Problem:
Copy exactly, and only, the lines between the start of the entries below and the line containing "(강릉=연합뉴스) 유형재 기자", both inclusive. Omit pictures.

Saved entries:

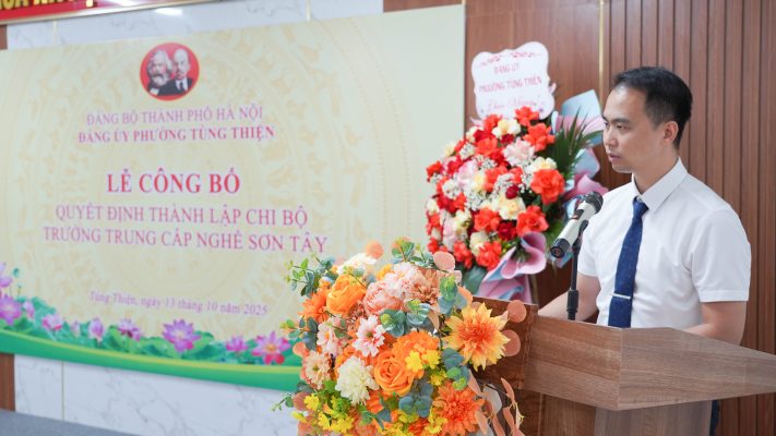 Phát biểu tại buổi lễ, đồng chí Phùng Huy Vinh – Phó Bí thư Thường trực Đảng ủy phường Tùng Thiện mong muốn, sau khi thành lập, Chi bộ sẽ tập trung làm tốt công tác phát triển đảng viên mới, từ đó củng cố, nâng cao vai trò lãnh đạo của tổ chức Đảng trong nhà trường. Ban Giám hiệu nhà trường luôn quan tâm đến công tác phát triển cơ quan, đoàn thể; tiếp tục có chiến lược, đường lối, định hướng đúng đắn để từng nước đưa nhà trường phát triển vững mạnh; đồng thời liên kết với các trường để giao lưu học hỏi, liên hệ với các doanh nghiệp tìm hiểu nguồn nhân lực đào tạo, nhu cầu lao động giải quyết việc làm cho học sinh khi ra trường.
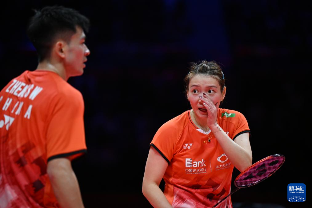 12月15日,郑思维/黄雅琼(右)在比赛中交流。
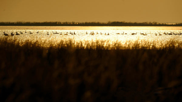 一些大天鵝在濕地水面上棲息(11月3日攝) 。新華社記者范長國攝
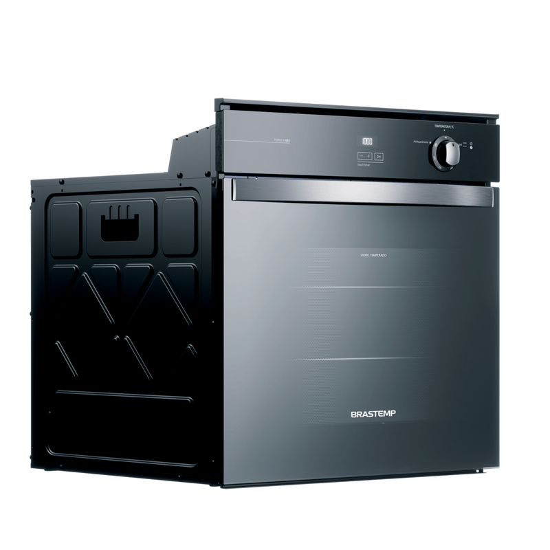 O Forno de Embutir a Gás Brastemp 78 Litros Inox Espelhado com Grill e Timer Touch combina eficiênci...
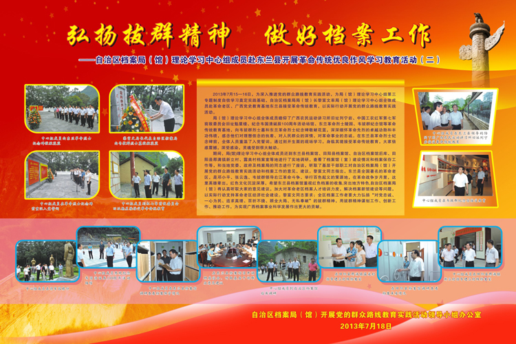 党的群众路线教育板报:弘扬拔群精神 做好档案工作
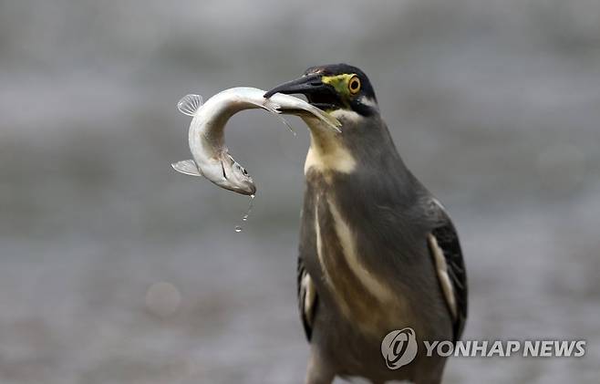 (강릉=연합뉴스) 유형재 기자 = 29일 강원 강릉시 남대천에서 검은댕기해오라기가 물고기를 사냥하고 있다. 2022.6.29
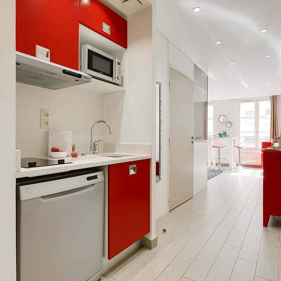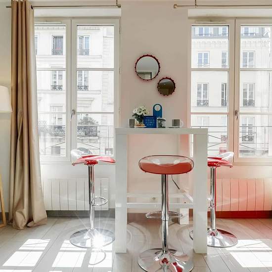 [EN] Located in the bustling second arrondissement, between Bonne Nouvelle and Porte Saint-Denis, the one-bedroom Saint Denis II Sweett apartment is as chic and contemporary as Paris herself. Inspired by the bold colours and clean lines of modern art, our local interior designer has filled this apartment with youthful energy. A fully equipped kitchen has everything you need for in-house dining. Explore the vibrant neighbourhood surrounding the apartment, where you can discover internationally acclaimed theatres and an overwhelming assortment...
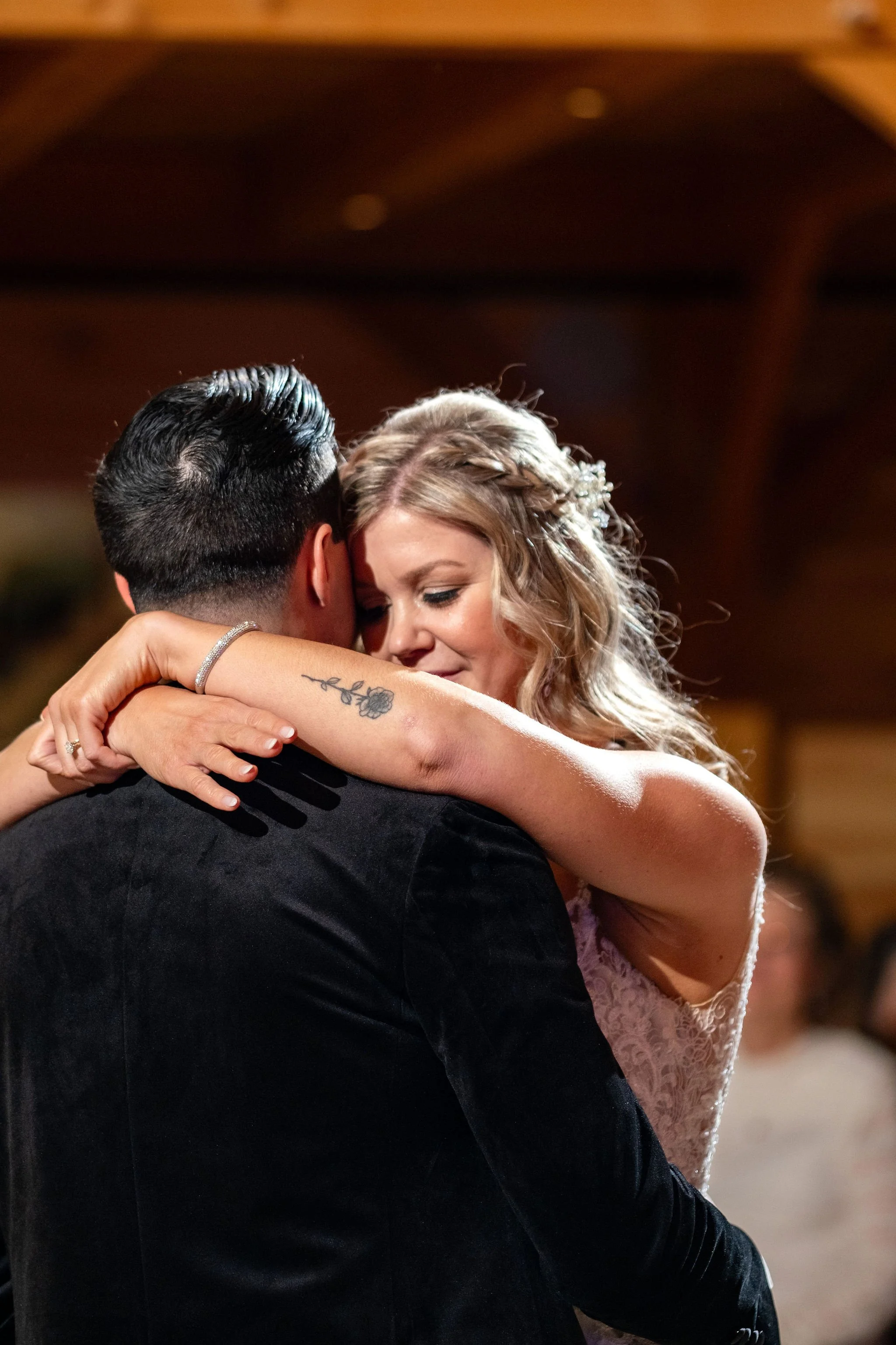 Guests retreated to the warmth of the barn for a cozy cocktail hour, enjoying hand-crafted drinks and appetizers by the glow of fairy lights and soft candlelight. The reception, filled with laughter and dancing, began shortly thereafter. The first dance to Luke Combes’ “Better Together” was a highlight, capturing the essence of Alyssa and Justin’s relationship. The officiant’s words during the ceremony added to the enchantment: "Your lives blending together even more and the connections of your family and friends expanding as you embark on this great adventure.
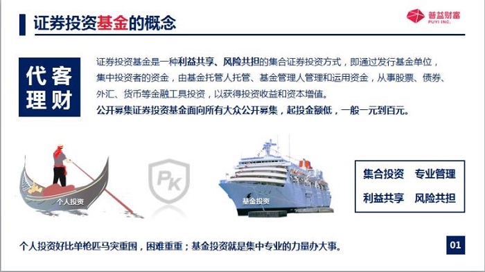 把這些資金呢投資于股票債券外匯貨幣等金融工具的一種集合投資方式,也就是說不止投資單一只股票,也不止投資單一只債券,而是投資多只股票或者多只債券的一種集合投資方式,極大地分散的風(fēng)險,因為咱們都知道雞蛋不能放在同一個籃子里面,并且呢,公募基金是面向所有大眾公開募集的,起投金額是比較低的,一元起投呀,百萬元起投呀,千元起投。這對于很多投資者來說呢,都是可以接觸的到的,那如果說拿個人投資跟基金投資進行比較的話,就像在海里面航行一樣,個人投資就像一個孤身備戰(zhàn)的小姑船一樣,那基金投資,因為它背后有一整個團隊進行運作,那他的專業(yè)非常強,所以呢,它就是集中專業(yè)的力量辦大事。

Task result:
 Phát biểu tại buổi lễ, đồng chí Phùng Huy Vinh – Phó Bí thư Thường trực Đảng ủy phường Tùng Thiện mong muốn, sau khi thành lập, Chi bộ sẽ tập trung làm tốt công tác phát triển đảng viên mới, từ đó củng cố, nâng cao vai trò lãnh đạo của tổ chức Đảng trong nhà trường. Ban Giám hiệu nhà trường luôn quan tâm đến công tác phát triển cơ quan, đoàn thể; tiếp tục có chiến lược, đường lối, định hướng đúng đắn để từng nước đưa nhà trường phát triển vững mạnh; đồng thời liên kết với các trường để giao lưu học hỏi, liên hệ với các doanh nghiệp tìm hiểu nguồn nhân lực đào tạo, nhu cầu lao động giải quyết việc làm cho học sinh khi ra trường.
 12月15日,郑思维/黄雅琼(右)在比赛中交流。
 一些大天鵝在濕地水面上棲息(11月3日攝) 。新華社記者范長國攝
 O Forno de Embutir a Gás Brastemp 78 Litros Inox Espelhado com Grill e Timer Touch combina eficiênci...
 党的群众路线教育板报:弘扬拔群精神 做好档案工作
 (강릉=연합뉴스) 유형재 기자 = 29일 강원 강릉시 남대천에서 검은댕기해오라기가 물고기를 사냥하고 있다. 2022.6.29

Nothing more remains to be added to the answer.